Стюарт Исакофф - Музыкальный строй. Как музыка превратилась в поле битвы величайших умов западной цивилизации
Покинув Бреду, Декарт вскоре пережил свой знаменитый момент духовного и интеллектуального пробуждения. По его собственному рассказу, он спрятался в “печке”, чтобы не заразиться простудой в лагере Максимилиана (вероятно, в комнате с печкой, хотя доподлинно это неизвестно), уснул и увидел три пугающих сна, полных грома и молний. В момент пробуждения его озарило: если применить к философии математические методы, все знания мира можно будет систематизировать в единый и логичный свод. Полный благодарности за это откровение, Декарт совершил паломничество к алтарю Богоматери в итальянском городе Лорето. Спустя несколько месяцев, двадцати трех лет от роду, он придумает аналитическую геометрию.
Хотя музыкальный трактат был написан до этих судьбоносных событий и до того, как идеи Декарта сложились в мощное и влиятельное философское течение, получившее название картезианства (согласно ему, в великом часовом механизме Вселенной постичь истину можно, лишь опираясь на чистый разум, а не на субъективные эмоциональные впечатления), намеки на его будущие убеждения присутствуют уже в этой работе. Здесь мыслитель, который в один прекрасный день уподобит мир гигантскому механизму и предположит, что даже человеческие чувства повинуются механическим импульсам, сводит основы музыки к простым, предопределенным математическим формулам. Для Декарта человеческие реакции на музыку могут быть субъективны – они зависят от обстоятельств. Но музыкальная наука, несомненно, объективна: ее законы определяются вращением маховика природы и неподвластны человеческим капризам. В них заключена истина куда более глубокая, чем та, что дана нам в ощущениях.

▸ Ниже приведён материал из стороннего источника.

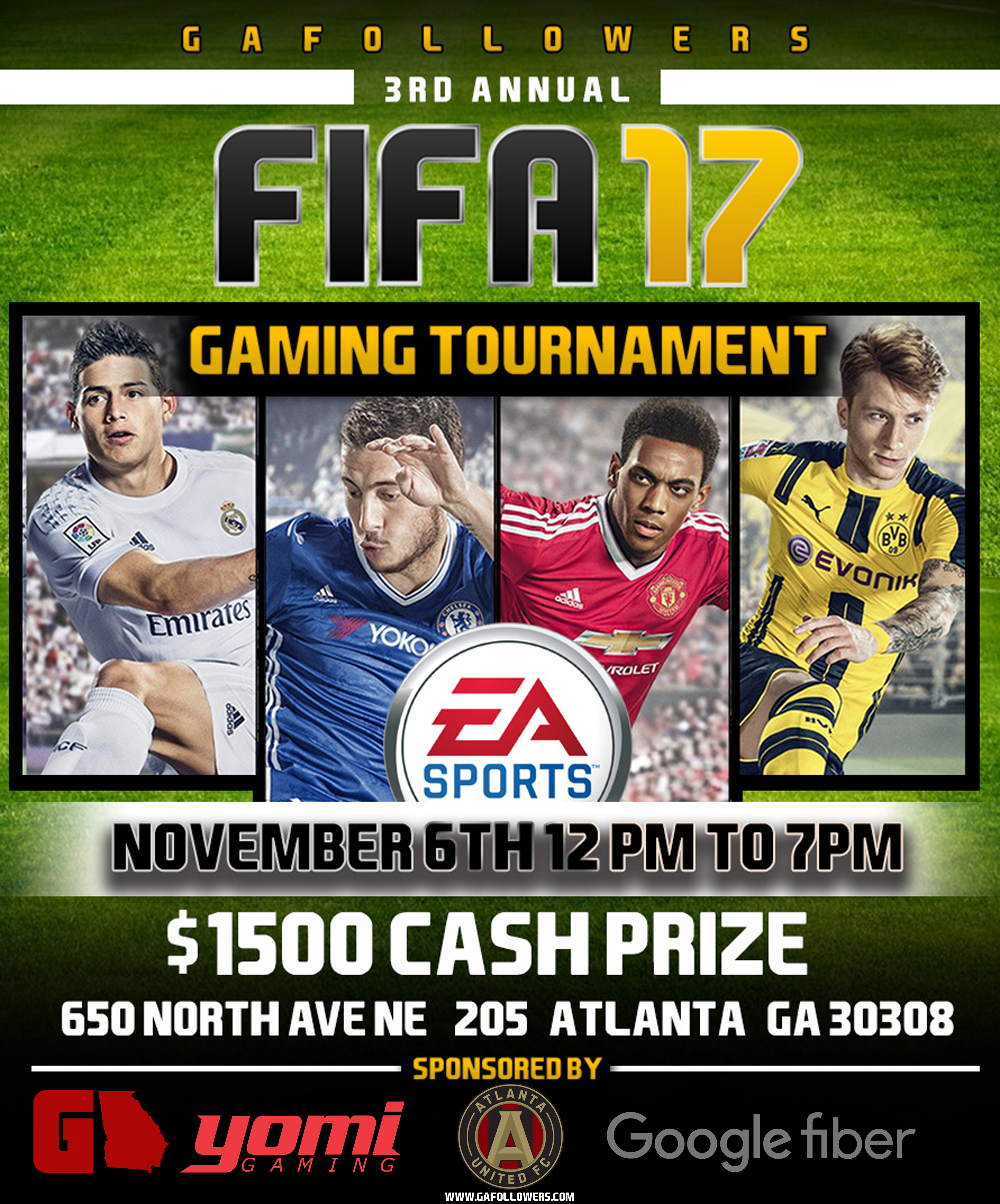Do you have what it takes to win $1,500? We’ve teamed up with Atlanta United FC and Google Fiber to host our 3rd annual FIFA tournament this November! Come prove that you’re the BEST FIFA 17 player in the state of Georgia!

Несмотря на все это, он сделал ряд наблюдений о чувственной силе музыки. Человеческий голос – самый лучший инструмент, утверждал Декарт, потому что он наиболее точно настроен на частоту нашей души. “Подобным же образом голос близкого друга звучит приятнее, чем голос врага, по причине чувственной симпатии или антипатии, – не зря же поговаривают, что овечья шкура, натянутая на барабан, не издаст при ударе никакого звука, если одновременно ударить по другому барабану, на который натянута волчья шкура”. Очевидно, к этой конкретной мысли ученый пришел не опытным путем.
Безотносительно поведения овец, волков и человеческих сердец, Декарт был непоколебим в своем убеждении, что музыкальные законы диктуются не соображениями красоты и привлекательности для слуха, а неизменными принципами, куда более фундаментальными, чем человеческие чувства. Спустя десять с лишним лет после публикации “Компендиума” философ будет предостерегать своего друга и сторонника, отца Марена Мерсенна – главного посредника между обитателями научного улья XVII века – о недопустимости путаницы между понятиями “гармоничное созвучие” и “приятное на слух созвучие”. Последнее, пояснял он, невозможно измерить: “Что заставляет одних пуститься в пляс, других доводит до слез. Все потому, что в нашей памяти возникают образы: например, те, кому раньше нравилось танцевать под ту или иную песню, снова испытывают тягу к танцу, когда она звучит; с другой стороны, если кто-то при звуках гальярды[39] вечно попадал в беду, он наверняка опечалится, услышав ее вновь. Это настолько очевидно, что, уверен, если вы будете хлестать собаку кнутом пять или шесть раз под звуки скрипки, она начнет скулить и убегать всякий раз, когда их услышит… ”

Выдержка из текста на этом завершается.